Satu-satunya yang Mia butuhkan adalah oksigen.
Would you be mine?
Mia yakin saat ini jantungnya pasti telah berhenti berdetak. Rafael? Tersenyum? Tidak, bukan tersenyum, saat ini Mia merasa Rafael tengah menyeringai. Jenis seringaian mengejek yang mengingatkan Mia pada salah satu karakter rubah di Zootopia. Bagus, Rafael adalah seekor rubah yang penuh dengan tipu daya, sementara Mia tak ubahnya bagaikan seekor kelinci yang tinggal menunggu untuk dilahap.
“Mia,” kata Rafael. Ia mulai menekankan ibu jarinya pada pergelangan tangan Mia. “Sebenarnya….”
“Cukup,” potong Mia. Mati-matian Mia menahan debaran jantung yang mulai menggila hanya karena sengatan kecil yang diciptakan Rafael. Mia tak boleh kalah. Ia harus kuat. “Lepas atau aku akan teriak.”
Kembali, senyum iblis yang menggoda itu menghias wajah rupawan Rafael. “Kamu beraninya main ngancem.”
“Mundur,” perintah Mia.
Rafael hanya mengedikkan bahu. “Oke,”katanya.
Mia akhirnya bisa bernapas dengan lega ketika Rafael bersedia melepas Mia. Sungguh, mungkin jika adegan itu berlanjut selama beberapa detik lagi, Mia pasti akan langsung terkapar karena tekanan jantung.
“Oke,” kata Mia. “Mari kita luruskan. Kita tidak memiliki hubungan apa pun selain bos dan bawahannya.”
“Itu yang ingin aku jelaskan tadi.”
“Jangan memotong pembicaraan,” protesnya. Mia mulai menekan keningnya, pusing. “Kamu bisa nggak ngilang gitu?”
“Aku bukan jin. Omong-omong ini kantorku, kamu tidak bisa berlaku tidak sopan.”

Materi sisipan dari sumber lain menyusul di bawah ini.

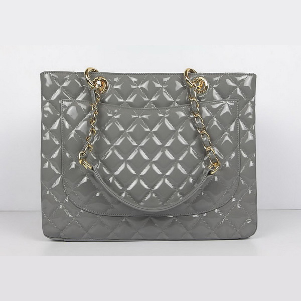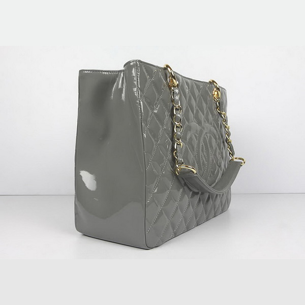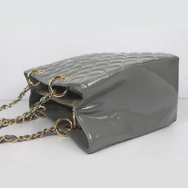 Chanel Gray Patent Leather Handbags 50995 Gold Hardware

“Rafael,” cemooh Mia, “bagiku kamu tuh masih sosok Rafael bocah ingusan yang doyan malakin anak kuper.”
“Sayang, waktu mengubah segalanya.”
“Jangan panggil aku sayang.”
“Oke, Honey.”
“No!”
“Gimana kalau Kitty? Mirip, ‘kan?”
Mia melotot, tidak terima. “Rafael, jangan memaksa.”

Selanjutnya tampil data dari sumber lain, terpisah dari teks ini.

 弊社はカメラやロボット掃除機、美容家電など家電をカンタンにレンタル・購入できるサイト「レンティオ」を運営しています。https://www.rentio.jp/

Terkekeh, Rafael pun berkata, “Kamu segitu dendamnya. Oke, apa yang aku lakuin ke kamu waktu SMP itu salah, tapi itu sudah lama sekali. Bahkan kita tidak boleh mendendam selama tiga hari, dosa.”

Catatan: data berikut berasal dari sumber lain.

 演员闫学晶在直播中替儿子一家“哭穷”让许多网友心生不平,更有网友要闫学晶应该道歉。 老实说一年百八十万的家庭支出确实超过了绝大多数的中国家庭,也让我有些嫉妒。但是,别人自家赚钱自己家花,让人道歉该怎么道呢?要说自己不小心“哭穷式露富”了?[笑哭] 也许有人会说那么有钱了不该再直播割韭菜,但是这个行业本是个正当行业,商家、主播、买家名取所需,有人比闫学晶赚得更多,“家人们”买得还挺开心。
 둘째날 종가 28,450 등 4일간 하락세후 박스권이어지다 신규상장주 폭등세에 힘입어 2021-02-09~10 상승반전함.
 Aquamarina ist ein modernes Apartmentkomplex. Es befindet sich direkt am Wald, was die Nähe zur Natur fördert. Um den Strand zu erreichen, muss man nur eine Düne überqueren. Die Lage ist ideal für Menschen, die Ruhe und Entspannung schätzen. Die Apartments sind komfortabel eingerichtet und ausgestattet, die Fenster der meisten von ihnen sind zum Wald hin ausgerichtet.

“Mendendam?” ucap Mia bersungut-sungut. “Rafael, apa yang kamu lakuin ke aku itu jahat. Tiga tahun. Bisa kamu bayangkan trauma yang kamu sebabkan? Aku sampai nggak berani masuk SMA umum, takut kalau aku sampai ketemu cowok model barbar. Rafael, kamu itu teror.”
“Kitty, sampai segitunya kamu nggak bisa ngelupain aku?”
Mia ingin melempar Rafael. Pria ini benar-benar memicu peningkatan tekanan darah, jika sampai Mia terkena stroke, maka ia akan menyalahkan segala kemalangannya pada Rafael. “Siapa yang mikirin kamu?”
“Nah itu,” tunjuk Rafael pada Mia. “Kamu nggak berani masuk SMA umum dan lebih memilih SMA khusus perempuan. Itu artinya aku punya tempat yang istimewa di hatimu, Kitty.”
“What the … Rafael, kamu harus bisa membedakan benci dan ngefans.”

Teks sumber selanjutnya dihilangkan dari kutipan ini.